サイバラさんのおことば。

先日、読ませてもらったエントリで西原(理恵子)さんが
「才能なんてものはしょせん、収入ではかることができる程度のもの」と言ったらしいのを知って、
なるほど、「金を稼がないものは「才能」とはよびません」と言い換えられるかな?
「売れる」ものは「芸術」じゃない、的なご意見をネットでも時々読むことがあって、
例えば「ラッセン」なんて「芸術じゃない」と、それはとてもよくわかる、と思いつつ、
知り合いの元バリバリヤンキーが、結婚したばかりのお金がない時期に、ローンを組んで無理して買った「ラッセン」をとても自慢にしていて、
そのシンナー臭が漂ってきそうな「ラッセン」が、例え今はもう払った値段と同じで売れないにしても、彼女はその絵を「買った!」の
いつまでもその頃の充実感を大切にして、幸福感の「元」になってるんだとしたら、「ラッセン」は「芸術」の役割を担ってるんじゃないか、
「心を満たすもの」は「芸術」と認めてもいいかもしれない、と、思ったことがある、「ラッセン」は嫌いだけど。
西原さんの「才能」の話で面白いと思ったのは、自分に対する徹底して冷静なまなざしで、
この人は本当に「自己満足」に完結する人ではないんだね。
自称「げいじゅつか」のみっともなさとは、「売れないのは、世間に見る目がない」と、
一発、勝間和代さんに「カツ」を入れてもらえ!と言いたくなるような、根拠なく、自分に「ある」と信じている「才能」への甘えで、
その手の人は「他人」からのまなざしを、自分の中に全くもっていないのでうんざりさせられることがある。
「無」から「何か」を作り上げるのに、そういう部分は必要だろうが、「世間は私の才能がわからない!」で自分の「芸術」やめてしまうのでは、
結局、「あなたにとっての「芸術」とは、「とっても「特別なあたくし」を飾り立てるための「道具」だったの?」とがっかりさせられたりする。
私は「才能」は「それをせずには生きていけない」行為の果てにあるものだと信じていて、
やめようとしても、やめられない、だからその「才能」は本来「金」で計られるものではないはずだ、と、
でもそれが簡単にやめられるんだったら、それって「才能」以前の問題だよな、って
ならば、誰かを喜ばせる「道具」として「才能」はあっていいんじゃないか、
人を喜ばせるために、自分がなにを出来るか考えて、もし才能があるとしたら、それを人のために使うことが
最終的に「芸術」につながるんじゃないか、なんて、
結局、「才能」って本当はなんなんだろう、「世間は私の才能を認めなかった」とは、本当はどういうことなんだろう。

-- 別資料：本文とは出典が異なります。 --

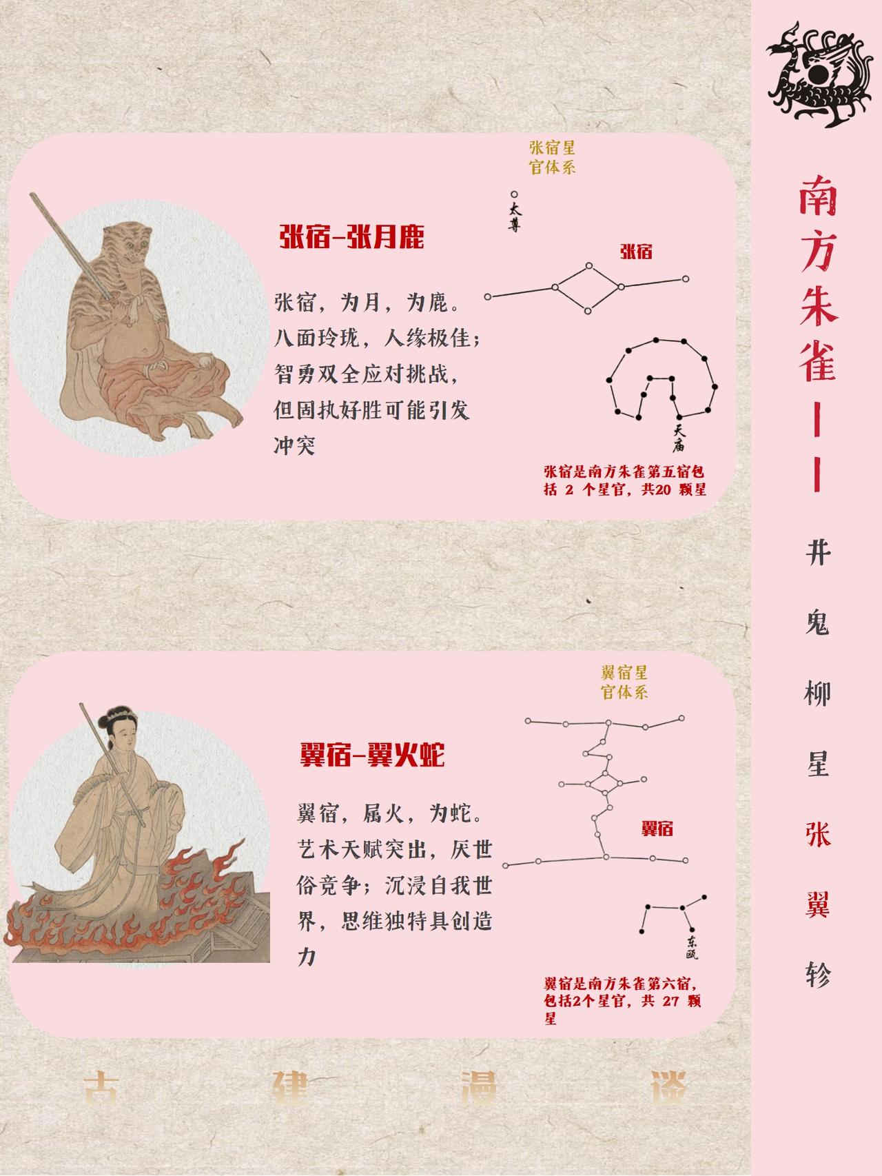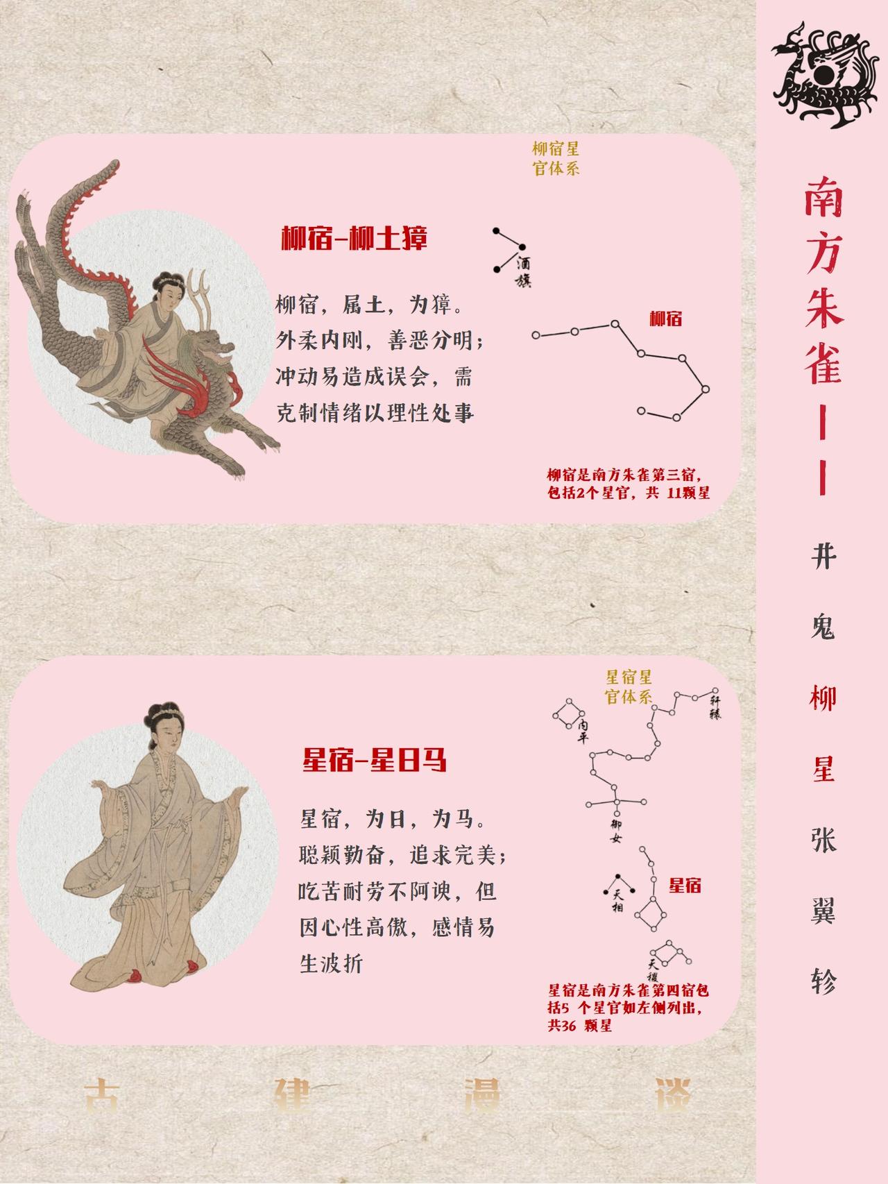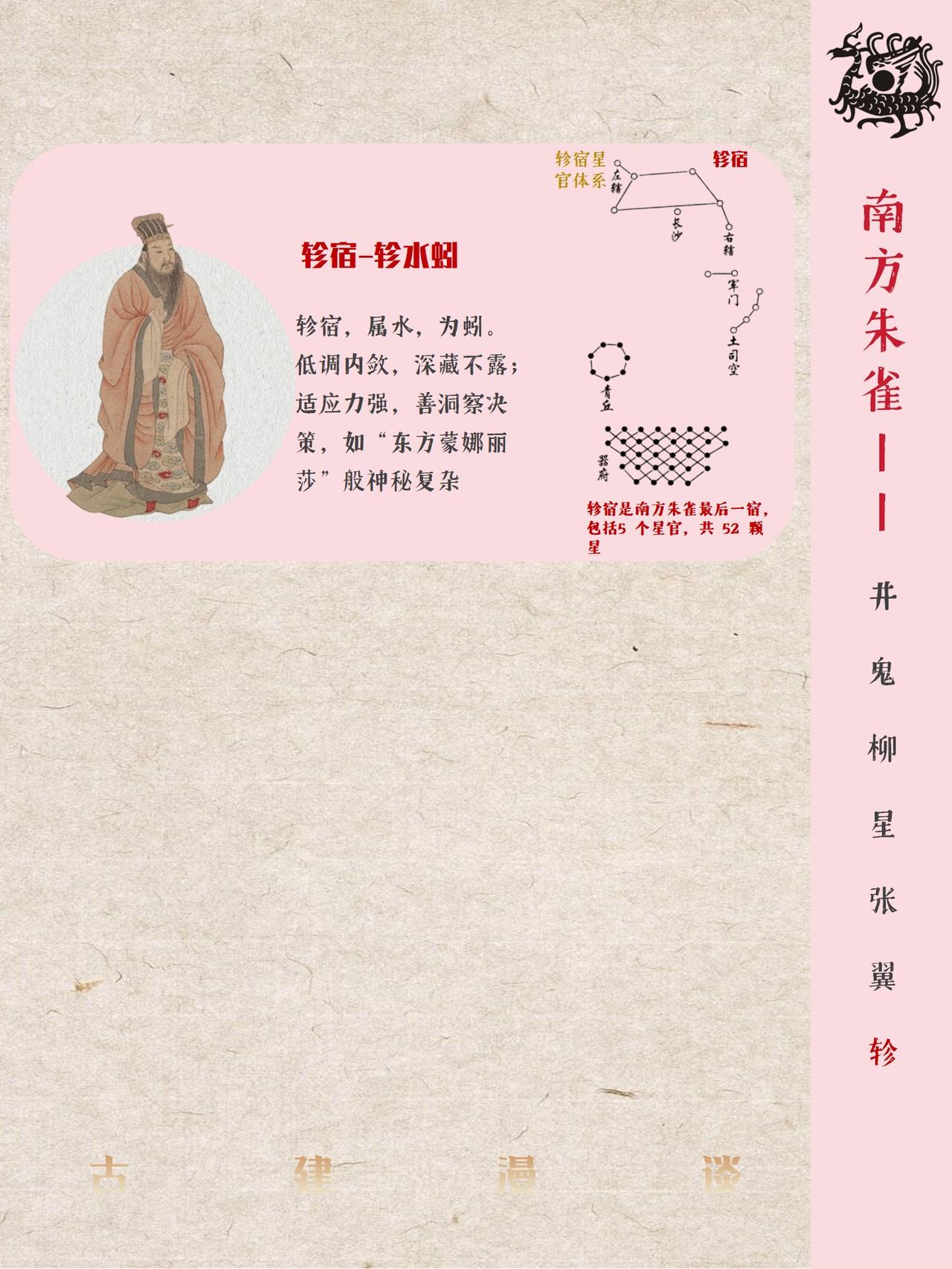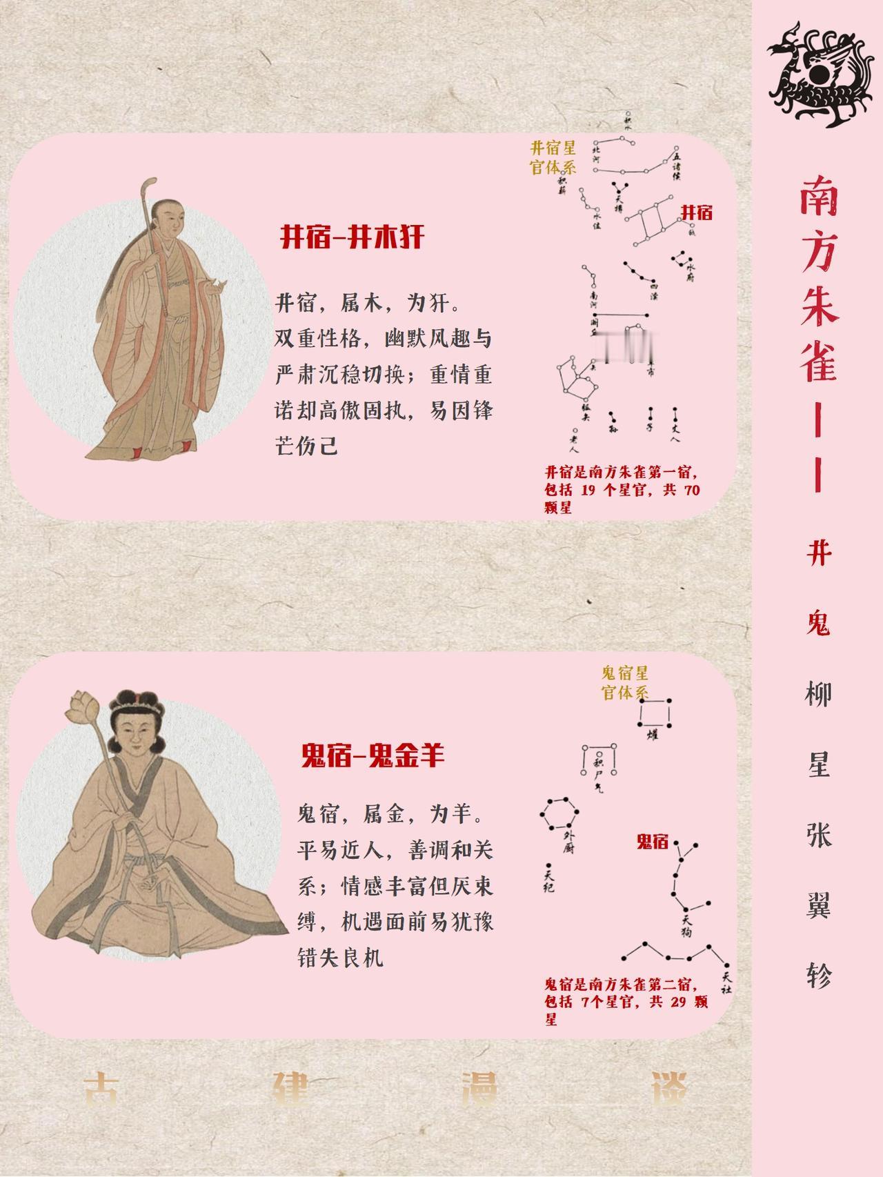 中国古代五星二十八宿神形图说 Ⅱ 中国古人将天穹精准划分为东、南、西、北四宫,分别对应东方青龙、南方朱雀、西方白虎、北方玄武四大神兽图腾,每宫各选七组星宿构建成二十八座恒星坐标体系,通过观测日月五星在这些星宿间的运行轨迹来标记节气更迭、推定时间流转,这套融天文测量与哲学象征于一体的恒星坐标系统即被后世称为"二十八星宿"。 中国古人又创造性的将二十八星宿进行拟人化处理,每个星宿都对应有鲜明的性格特征,而定义这些性格特征背后的逻辑实则是对应每个星宿的客观特点。 古人认为“天垂象,见吉凶”,星宿运动对应人间兴衰。例如:角宿(青龙之首):象征“斗杀之冲”,故对应性格刚强、野心勃勃;轸宿(朱雀之尾):主悲痛凶险,故命格多坎坷后发迹等等。 本篇继续和大家分享中国古人浪漫的天文认知。 二十八星宿人物图片截取自明代仇英版《五星二十八宿神形图》,大都会博物馆藏。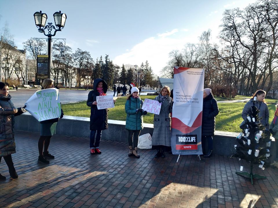 Вчора, 19 грудня, чернігівці разом з активістами БО "Чернігівська МЕРЕЖА" підтримали Всеукраїнську акцію "Чорна ялинка" метою якої є привернути увагу до проблеми можливого переривання постачання АРТ-препаратів державою.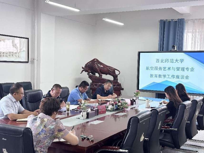 为进一步加强航空服务艺术与管理专业学生教育和管理工作,437必赢会员中心于6月11日在云衢楼1101会议室召开航空服务艺术与管理专业教育教学工作座谈会。学院党委书记赵兴虎、学院院长梁旺兵、副院长柴亚林、党委副书记戴小武、北京广慧金通教育集团陕甘青区域总经理苗雪、航空服务艺术与管理专业系主任万舒佳、学院团委书记鲁梦鸽以及航空服务艺术与管理专业各班班主任等15位教师参加会议,会议由柴亚林副院长主持。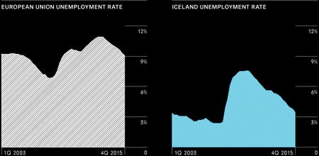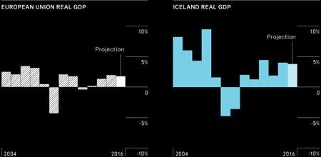 It’s a rebound other European nations would envy. Iceland’s gross domestic product is set to expand almost 4 percent this year, according to forecasts compiled by Bloomberg. The unemployment rate of 2.8 percent is about one-third the average of the European Union. As the state prepares to lift capital controls later this year, the banking sector continues to strengthen: State-owned Islandsbanki, the nation’s No. 2 lender with $8.4 billion in assets, boasts a common equity Tier 1 ratio of 28.3 percent. That’s more than twice the 12.7 percent average recorded by Europe’s 25 largest banks as of Dec. 31, according to Bloomberg data. “Before the crisis, the banks grew too fast and too much,” says Unnur Gunnarsdottir, director general of the Financial Supervisory Authority, which oversees the lenders. “That will not happen again.”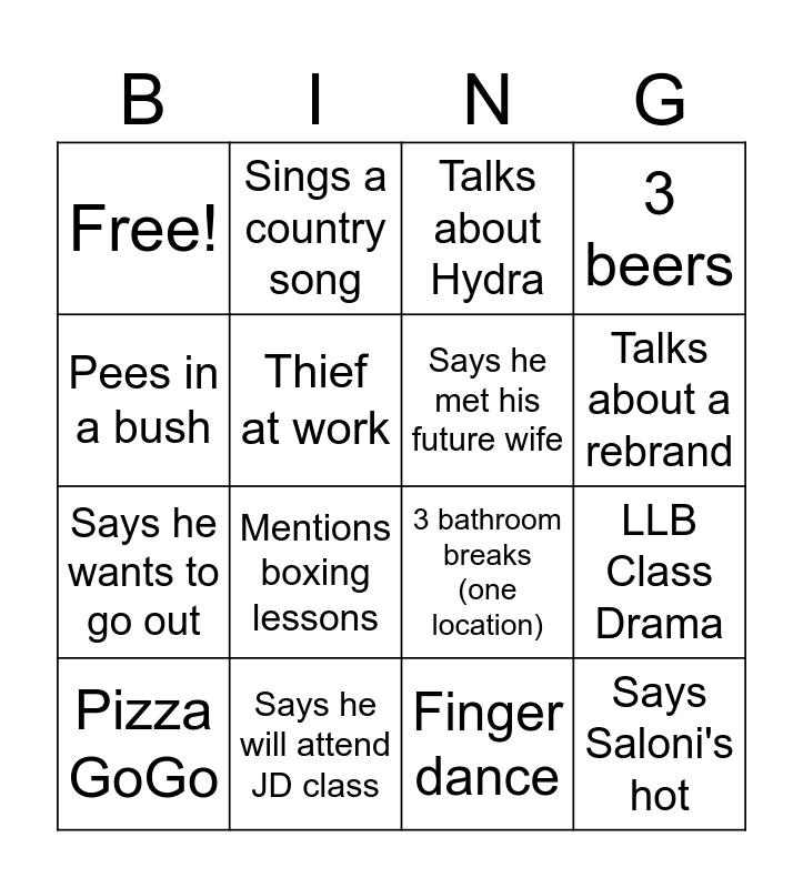 This bingo card has 18 words: Pees in a bush, Says he will attend JD class, Talks about Hydra, 3 beers, Says he wants to go out, Sings a country song, 3 bathroom breaks (one location), Talks about a rebrand, Free!, Mentions boxing lessons, Finger dance, LLB Class Drama, Pizza GoGo, Thief at work, Says he met his future wife, Says Saloni's hot, Downloaded or deleted dating apps and LLB drama.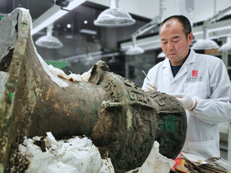 三星堆博物馆陈列保管部副部长郭汉中在三星堆博物馆文物保护和修复中心清理大口尊(2022年3月摄,资料照片)。新华社发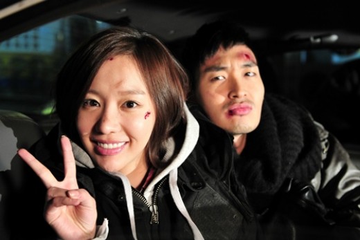 김아중은 브이자를 그린 채 밝게 웃고 있으며 정겨운은 입술을 내민 채 코믹한 표정을 짓고 있다.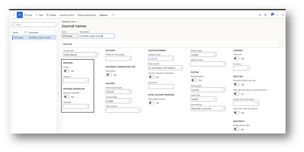 - To approve the journal before the posting, we can set on the journal an approval group or a workflow: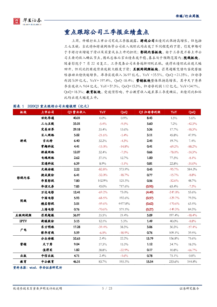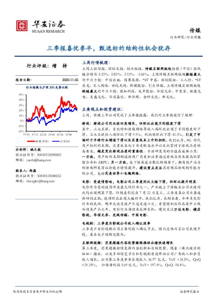 华安证券:传媒行业周报:三季报喜忧参半,甄选标的结构性机会犹存.pdf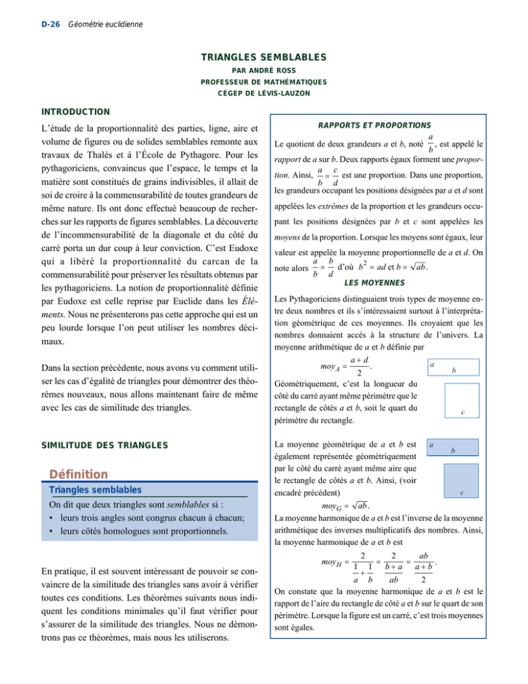 D-26 Géométrie euclidienne TRIANGLES SEMBLABLES PAR ANDRÉ ROSS PROFESSEUR DE MATHÉMATIQUES CÉGEP DE LÉVIS-LAUZON INTRODUCTION L’étude de la proportionnalité des parties, ligne, aire et volume de figures ou de solides semblables remonte aux travaux de Thalès et à l’École de Pythagore. Pour les pythagoriciens, convaincus que l’espace, le temps et la matière sont constitués de grains indivisibles, il allait de soi de croire à la commensurabilité de toutes grandeurs de même nature. Ils ont donc effectué beaucoup de recherches sur les rapports de figures semblables. La découverte de l’incommensurabilité de la diagonale et du côté du carré porta un dur coup à leur conviction. C’est Eudoxe qui a libéré la proportionnalité du carcan de la commensurabilité pour préserver les résultats obtenus par les pythagoriciens. La notion de proportionnalité définie par Eudoxe est celle reprise par Euclide dans les Éléments. Nous ne présenterons pas cette approche qui est un peu lourde lorsque l’on peut utiliser les nombres décimaux. Dans la section précédente, nous avons vu comment utiliser les cas d’égalité de triangles pour démontrer des théorèmes nouveaux, nous allons maintenant faire de même avec les cas de similitude des triangles. SIMILITUDE DES TRIANGLES Définition Triangles semblables On dit que deux triangles sont semblables si : • leurs trois angles sont congrus chacun à chacun; • leurs côtés homologues sont proportionnels. En pratique, il est souvent intéressant de pouvoir se convaincre de la similitude des triangles sans avoir à vérifier toutes ces conditions. Les théorèmes suivants nous indiquent les conditions minimales qu’il faut vérifier pour s’assurer de la similitude des triangles. Nous ne démontrons pas ce théorèmes, mais nous les utiliserons. RAPPORTS ET PROPORTIONS Le quotient de deux grandeurs a et b, noté a , est appelé le b rapport de a sur b. Deux rapports égaux forment une propora c tion. Ainsi, = est une proportion. Dans une proportion, b d les grandeurs occupant les positions désignées par a et d sont appelées les extrêmes de la proportion et les grandeurs occupant les positions désignées par b et c sont appelées les moyens de la proportion. Lorsque les moyens sont égaux, leur valeur est appelée la moyenne proportionnelle de a et d. On a b 2 note alors = d’où b = ad et b = ab . b d LES MOYENNES Les Pythagoriciens distinguaient trois types de moyenne entre deux nombres et ils s’intéressaient surtout à l’interprétation géométrique de ces moyennes. Ils croyaient que les nombres donnaient accès à la structure de l’univers. La moyenne arithmétique de a et b définie par a+d a moy A = . b 2 Géométriquement, c’est la longueur du côté du carré ayant même périmètre que le rectangle de côtés a et b, soit le quart du c périmètre du rectangle. La moyenne géométrique de a et b est également représentée géométriquement par le côté du carré ayant même aire que le rectangle de côtés a et b. Ainsi, (voir encadré précédent) a b c moyG = ab . La moyenne harmonique de a et b est l’inverse de la moyenne arithmétique des inverses multiplicatifs des nombres. Ainsi, la moyenne harmonique de a et b est moy H = 2 1 1 = 2 ab = . b+a a+b + a b ab 2 On constate que la moyenne harmonique de a et b est le rapport de l’aire du rectangle de côté a et b sur le quart de son périmètre. Lorsque la figure est un carré, c’est trois moyennes sont égales. Triangles semblables D-27 Théorème 10 Premier cas de similitude des triangles Deux triangles sont semblables lorsqu’ils ont deux angles égaux chacun à chacun. C B A' A Lorsqu’on veut démontrer que des segments de droite dans une figure géométrique sont proportionnels, on cherche s’il est possible de construire des triangles semblables dont ces segments de droite sont des côtés. C' Théorème 14 B' Théorème de Thalès Lorsque dans un triangle on trace une droite parallèle à un des côtés du triangle, on détermine un deuxième triangle semblable au premier. Théorème 11 Deuxième cas de similitude des triangles Deux triangles sont semblables lorsqu’ils ont un angle égal adjacent à deux côtés homologues proportionnels. C C' B' B A' A AB A' B' = Démonstration Soit un triangle ABC. D’un point D situé sur le côté AB traçons la droite DE parallèle au côté BC . On forme alors un triangle ADE. Les triangles ABC et ADE sont semblables puisqu’ils ont deux angles congrus. (premier cas de similitude). AC A A A' C' D B Théorème 12 Troisième cas de similitude des triangles Deux triangles sont semblables lorsque leurs côtés homologues sont proportionnels. C B A' A AB A' B' = AC A' C' = C B α β δ E γ C En effet l’angle a est congru à l’angle b comme angles correspondants puisque BC et DE sont parallèles. De la même façon, l’angle g est congru à l’angle d comme C' angles correspondants. De plus l’angle BAC est commun aux deux triangles. B' ○ ○ ○ ○ ○ ○ ○ ○ ○ ○ ○ ○ ○ ○ ○ ○ ○ ○ ○ ○ ○ ○ ○ ○ ○ ○ BC B' C' SIMILITUDE ET HOMOTHÉTIE Théorème 13 Similitude de triangles rectangles Deux triangles rectangles sont semblables lorsqu’ils ont un angle aigu égal. C' C A' A B B' On peut construire un triangle semblable à un triangle ABC donné en prenant un point O à l’extérieur du triangle et en traçant les droites joignant le point O à chacun des sommets du triangle ABC. On trace alors les segments A' B' parallèlement à AB , A' C' parallèlement à AC et B' C' parallèlement à BC . Dans une telle construction, le point O est appelé centre d’homothétie. D-28 Géométrie euclidienne côtés BE et BC. On a donc : B' B BD O C C' DC = BA EA et, puisque EA = CA , on a BD DC = BA CA . ○ ○ ○ ○ ○ ○ ○ ○ ○ ○ ○ ○ ○ ○ ○ ○ ○ ○ ○ ○ ○ ○ ○ ○ ○ ○ A A' On constate que ce procédé de constru

西原さんの話でもう一つ思いだしたが、「エロ」の世界からいろんな「才能」が出てきていることで、
西原さんはエロカット描きをしていたことをよく話しているし、「Shall we dannce?」の周防監督や、
「レッド」を描いている山本直樹など、私が今思いついただけではなく、様々な人がかつて「エロ」に関わってたりするようで、
それはもちろん、「金」の問題からだろうが、「金」を稼ぐためには、真剣に「他人」の「エロ」につきあわなければならない。
西原さんが、エロカット描きの仕事をしたとき、「要は○○○が立つかどうかなんだから」みたいなことを聞いて、「大変勉強になった」と
多くの「他人」の「快感」を、いかに刺激できるか、徹底して「自分」を廃し、「顔」のない無数の人間たちが「喜ぶ」ものを「作る」、
「エロ」は即物的で単純だからこそ難しく、そこで「才能」は試されるか、などと、
「エロ」が金を稼ぎやすいこととか、まあ、あれこれ、思いついたことはあるんだけど、整理できないまま、今回はこれにて終了。
とりあえず、素晴らしい「さいばら語録」として
「才能なんてものはしょせん、収入ではかることができる程度のもの」、を
「上等な私立を出たって、世間は上等な私立じゃないんだよ」のお言葉と同じく、大事に覚えておこう。